Hubo un silencio espeso y el Enano sintió que el miope se había asustado. Esperó, tenso.

—No quiero oírte decir eso nunca más —murmuró, despacio, Antonio Vilanova—. Eres mi mujer desde hace años, desde siempre. Hemos pasado todas las cosas juntos. Pero si te oigo repetir eso, todo se acabaría. Tú te acabarías también.

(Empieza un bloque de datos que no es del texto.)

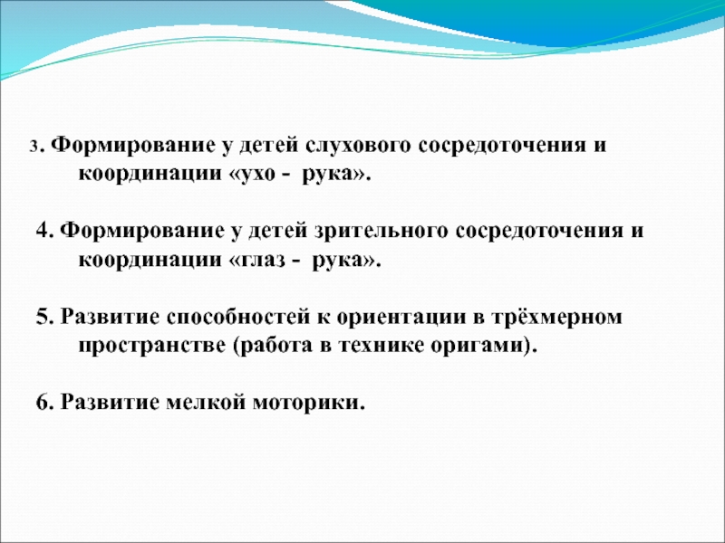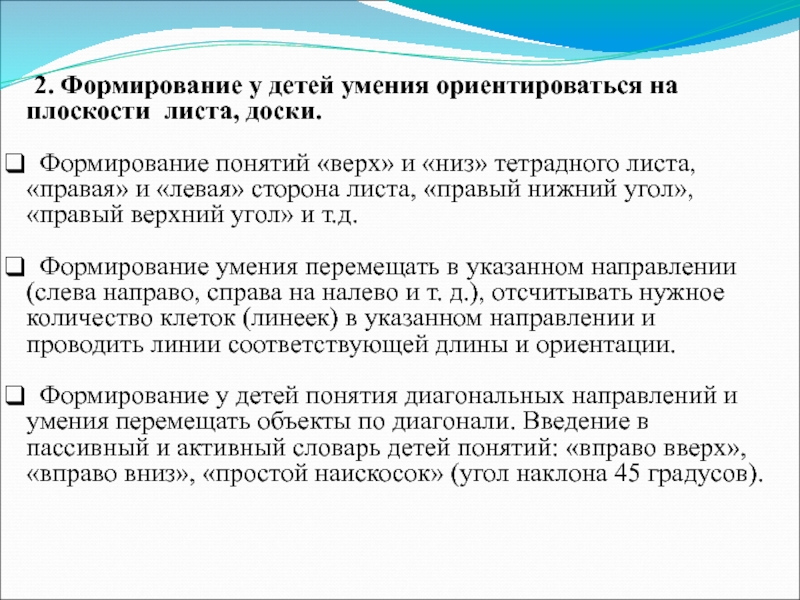 Слайд 6 2. Формирование у детей умения ориентироваться на плоскости листа, доски.

Temblando, sudando, contando los segundos, el Enano esperó.

—Juro por el Buen Jesús que no lo repetiré nunca más —balbuceó Antonia Sardelinha.

—Yo vi llorar a João Abade —dijo entonces el Enano. Le entrechocaban los dientes y las palabras le salían a espasmos, masticadas. Hablaba con la cara aplastada contra el pecho de Jurema—. ¿No se acuerdan, no se los dije? Cuando oyó la Terrible y Ejemplar Historia de Roberto el Diablo.

—Era hijo de un Rey y al nacer él su madre ya tenía los cabellos blancos —recordó João Abade—. Nació por un milagro, si se llaman también milagros los del Diablo. Ella había hecho pacto para que Roberto pudiera nacer. ¿No es ése el comienzo?

—No —dijo el Enano, con una seguridad que provenía de toda una vida contando esa historia que ya no se acordaba cuándo ni dónde había aprendido y que él había llevado y traído por los pueblos, referido cientos, miles de veces, alargándola, acortándola, embelleciéndola, entristeciéndola, alegrándola, dramatizándola, de acuerdo al estado de ánimo del cambiante auditorio. Ni João Abade podía enseñarle a él el comienzo—. Su madre era estéril y vieja y tuvo que hacer pacto para que Roberto naciera, sí. Pero no era hijo de Rey sino de Duque.